Global Warming: Thirty Years of Hype, Hysteria and Hullabaloo
Unhappy Anniversary
By William M Briggs Published on June 24, 2018
https://stream.org/global-warming-th...ia-hullabaloo/
In the late spring of 1988, Senator Tim Wirth from Colorado (guess his party) called the Weather Bureau and asked what historically was the hottest day of the year in Washington, DC.
He needed heat for the theater he was cooking up.
He got it. That June, he recalled, was "stiflingly hot." To give nature a boost, on the night of June 22,
he snuck into the Senate hearing room and opened all the windows. The air conditioning was either switched off or chose that moment to break.
Wirth later boasted to PBS that...
when the hearing occurred there was not only bliss, which is television cameras in double figures, but it was really hot ...
So [NASA's James] Hansen's giving this testimony, you've got these television cameras back there heating up the room, and the air conditioning in the room didn't appear to work. So it was sort of a perfect collection of events that happened that day, with the wonderful Jim Hansen, who was wiping his brow at the witness table and giving this remarkable testimony.
In that manufactured swelter on June 23, 1988, Global Warming was born. Happy Anniversary.
Today, thirty years later, Global Warming is dead. Make that undead. Its corpse still walks among us, awaiting its final stake through its heart.
Winter is Coming
Politicians like Wirth, and the scientists in their employ, had a streak of good luck.
Hansen said it would get hotter, and then it did. People
doing things like breathing and driving cars were adding "greenhouse gases" to the atmosphere at rates faster than ever before. The correlation between increasing heat and gas was obvious, and it quickly became a cause. Both in the physical and social sense.
There was some reason to believe Hansen was right in those early days. It is a trivial truth that man influences the climate. And scientists had already accepted the idea that man could significantly affect it.
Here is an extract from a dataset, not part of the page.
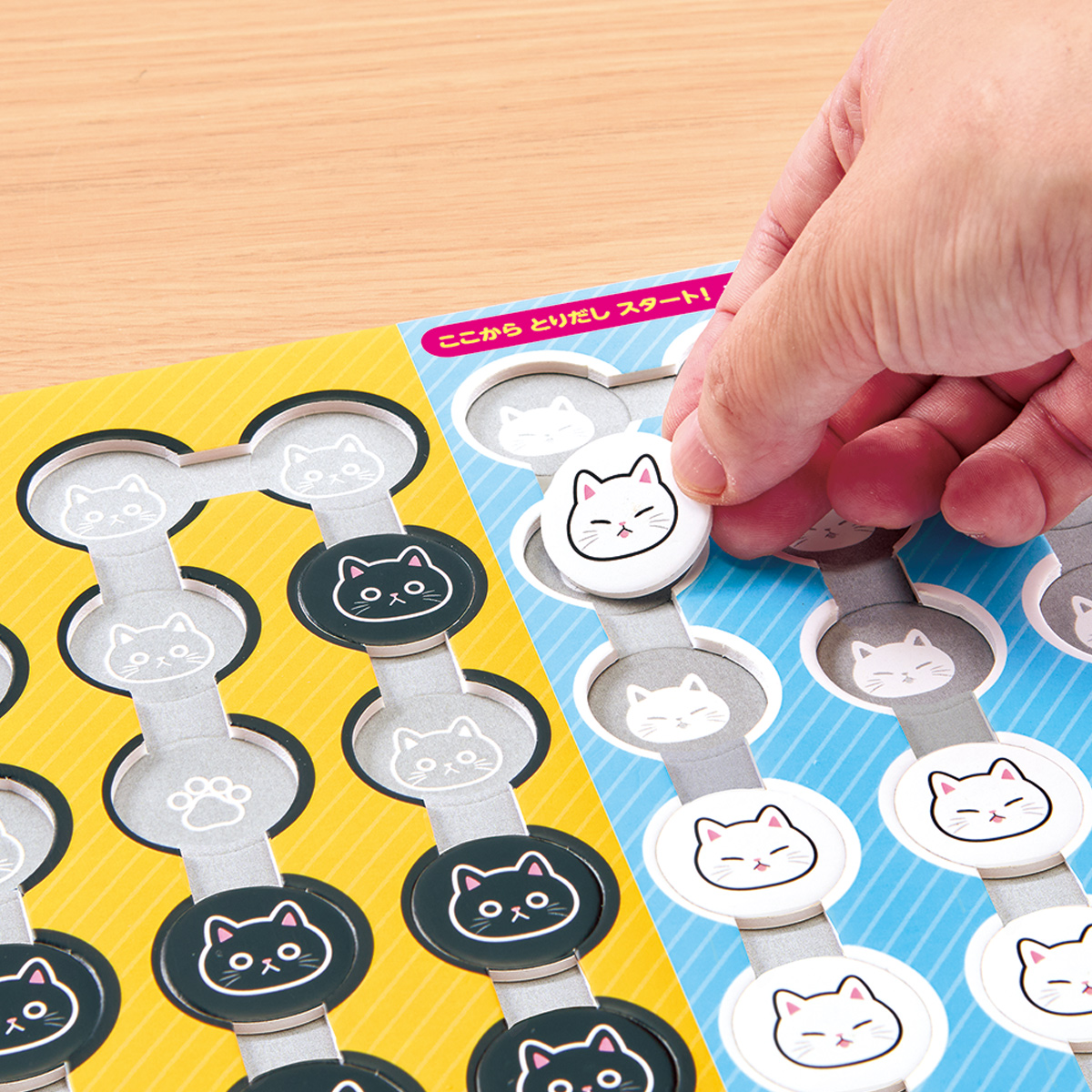 コマは【くろねこ】と【しろねこ】のかわいいデザインで、子どもが喜ぶこと間違いなし。

A decade before Hansen's performance, the
consensus was that man was driving temperatures
dangerously down. Pollution from cars and the like was knocking back the sun's rays, which was going to cause
global cooling.
Global cooling was no small thing. In April 1975 Newsweek spoke fear in
"Our Cooling World." Global cooling was going to cause "serious political implications for just about every nation on earth," "The drop in food production could begin quite soon," "devastating outbreak of tornadoes," "national boundaries make it impossible for starving peoples to migrate from their devastated fields," and so forth.
Sound familiar? .....
...The Great Stall
Amidst all the marches, protests, dire warnings of "tipping points," announcements of "record" heat (in very short periods of time), and cries of climate "denial" something funny happened.
The temperature stopped cooperating with climatologists' models.
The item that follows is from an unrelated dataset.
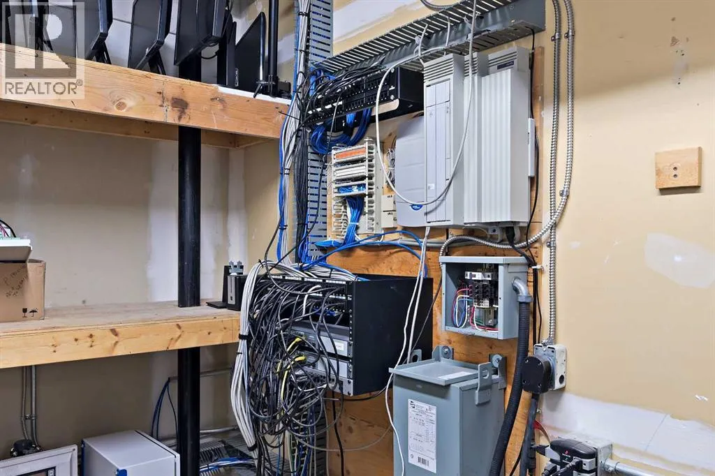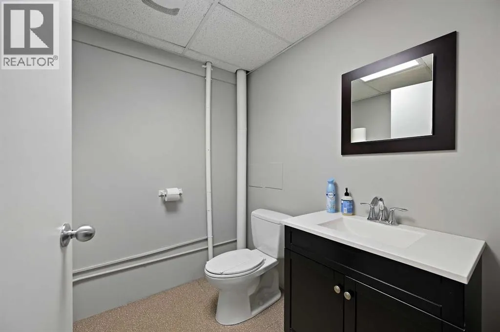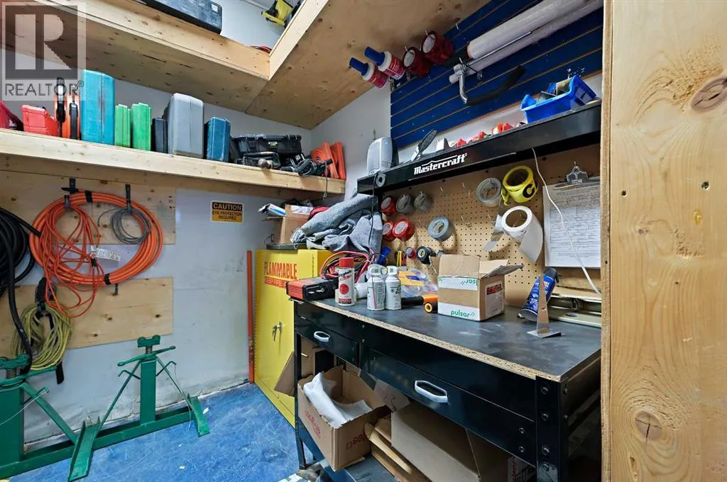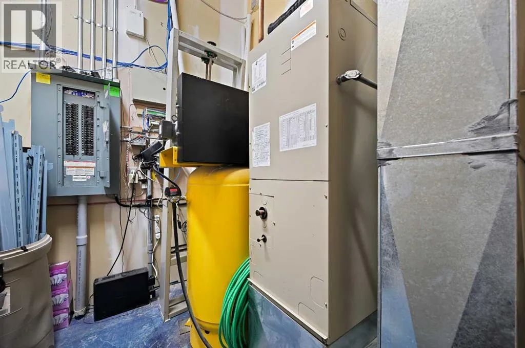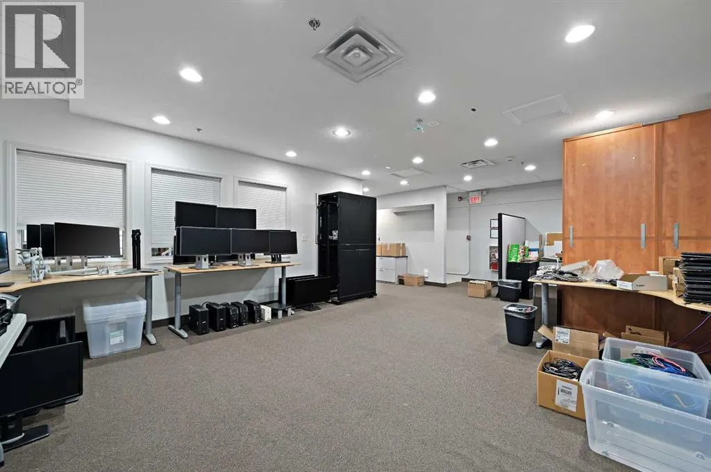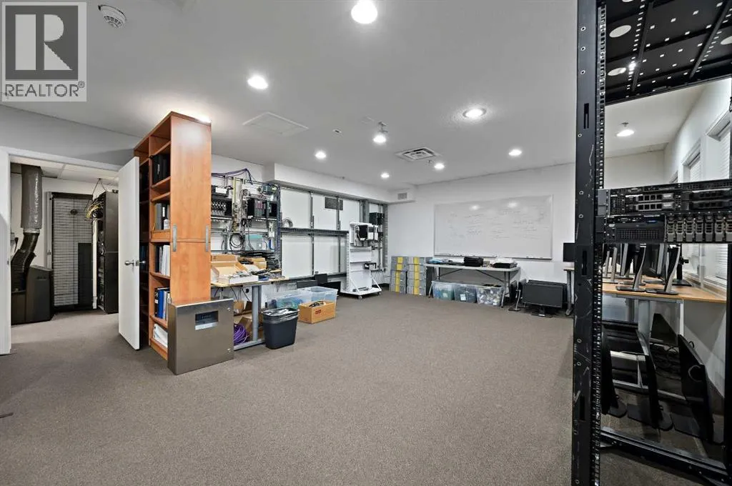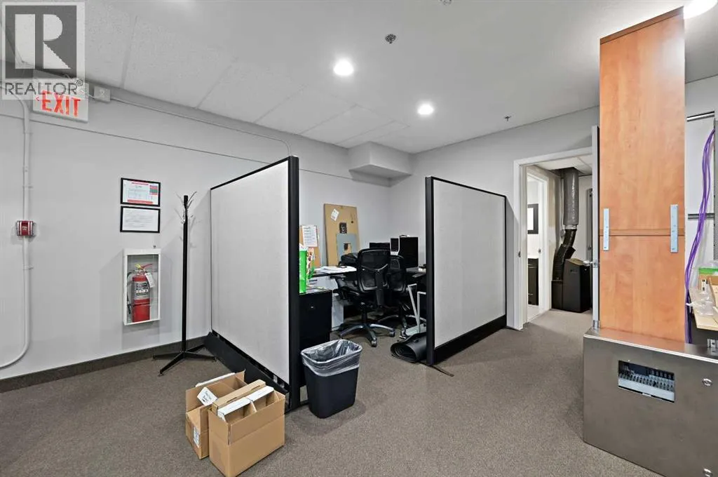 Commercial condos of this type are rare to find on the market in Airdrie. The unit is within the Kingsview Plaza, with excellent access to 40th Ave, Deerfoot Trail, Kingsview Market and Yankee Valley Blvd. The zoning is IB-1 for a variety of businesses, including business services, some retail and industrial services, animal services, microbrewery, health care and more. The condo includes 3,110 sq. ft. on 2 levels, consisting of a 570 sq. ft. shop / warehouse, reception, office, kitchen, bathroom and storage on the main level. The shop has 15 ft. clear height. The air conditioned second level is well designed offices and open area perfect for training plus a second bathroom. Loading is via a grade level 10 x 14 overhead door plus office entrance. Don't need both levels? - the second level can be easily secured from the main level for rental income. With assigned parking at the door and plenty of scramble parking, there is room for everyone. The rolling shelving system in the shop is available as a separate sale. (id:27476)

Scientists said the mercury had nowhere to go but up.
The atmosphere disagreed. A fundamental tenet of science is that its theories must match reality.
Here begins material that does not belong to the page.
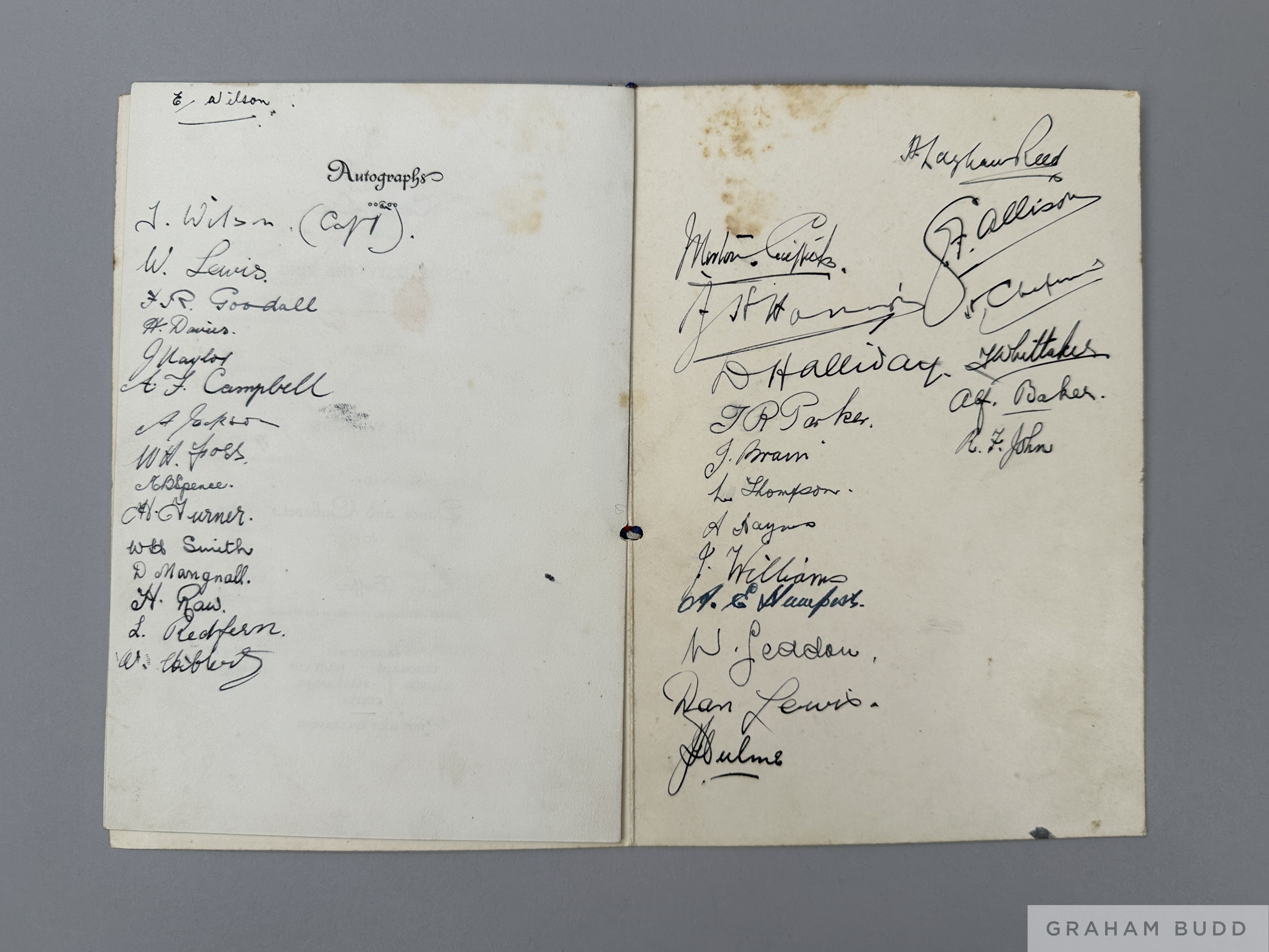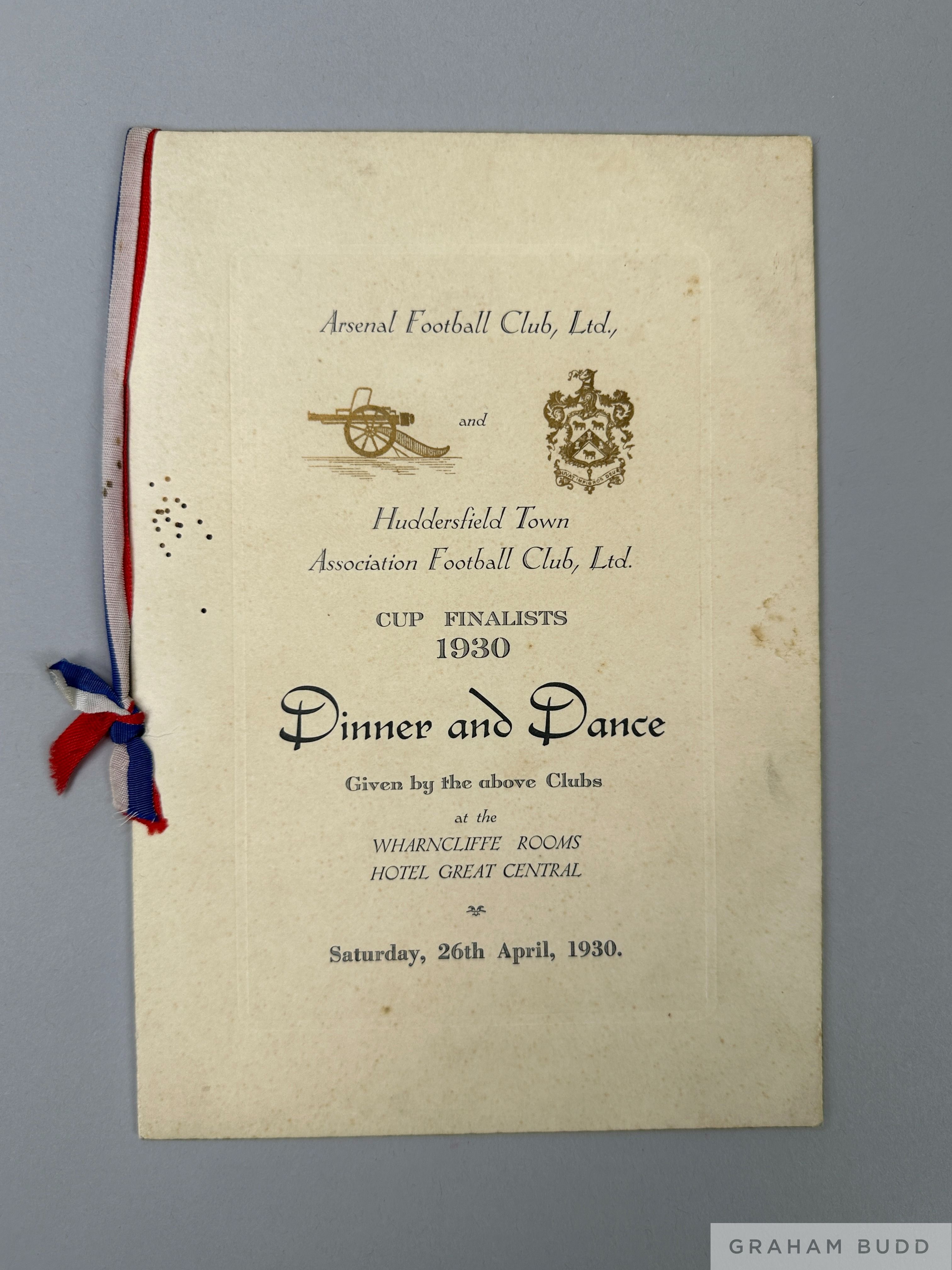 Tom Wilson banquet menu card for the 1930 Huddersfield Town v. Arsenal F.A.Cup Final the menu card signed by ten of the Huddersfield team, lacking Bob Kelly and with five other Huddersfield autographs, the opposite page autographed by seven of the Arsenal side, lacking Preedy, Jack, James and Bastin and with eleven other Arsenal autographs, held at the Wharncliff Rooms, Hotel Great Central, 26th April 1930 The following lots 902 to 943 relate to the career of Huddersfield Town Legend and England International Tom Wilson. See player bio at foot of description for Lot 902 PROVENANCE: Tom Wilson thence by family descent

When reality differs, the theory is wrong. Scientists in control of the Consensus knew they were in deep kimchi, but they were loathe to admit their critics' points.
Then some wag hacked the emails of Consensus scientists. They spoke of using tricks and hiding declines in temperatures. They
boasted of
political prowess in keeping peers from publishing skeptical views.
Climategate revealed scientists to be as
backbiting, manipulative, hateful, suspicious, and cocky as, well, politicians.
Doubt in global warming catastrophe grew.
This worried the catastrophists. If global warning was not a problem, then it didn't need a solution. But the solution was too intoxicating to abandon.
Neither Hot Nor Cold
Enter "climate change." Global warming became like that movie where the lady on the train vanishes, and where everybody claimed never to have seen her. Climate change, not global warming, was
always the real worry.
This was a brilliant move. The earth's climate was never static; it is impossible that it should ever be static; therefore, it will always change. When anything bad happened, which was certain, it was climate change. When anything good happened, it was Look! Squirrel!
Every ill and misfortune could once again be blamed on lack of government.
Wouldn't you know it, though. The atmosphere again refused to cooperate! Oh, sure, there was the occasional hurricane or drought to keep things spicy. But on the whole it was nice outside. And nobody would ever admit that it being nice outside was because of climate change.
Climate change by definition brought only evil....
...The undead corpse of global warming is animated now only by the hopes of a handful of true believers.
Smarter activists see the futility of climate change and have begun the work of
metamorphosing the cause into something grander.
The seeds for this growth were planted in the Paris "climate" accord, which called for "gender equality, empowerment of women, and intergenerational equity" as well as "climate justice."
All that was missing was transgender "rights." But don't worry. That's being taken care of, too.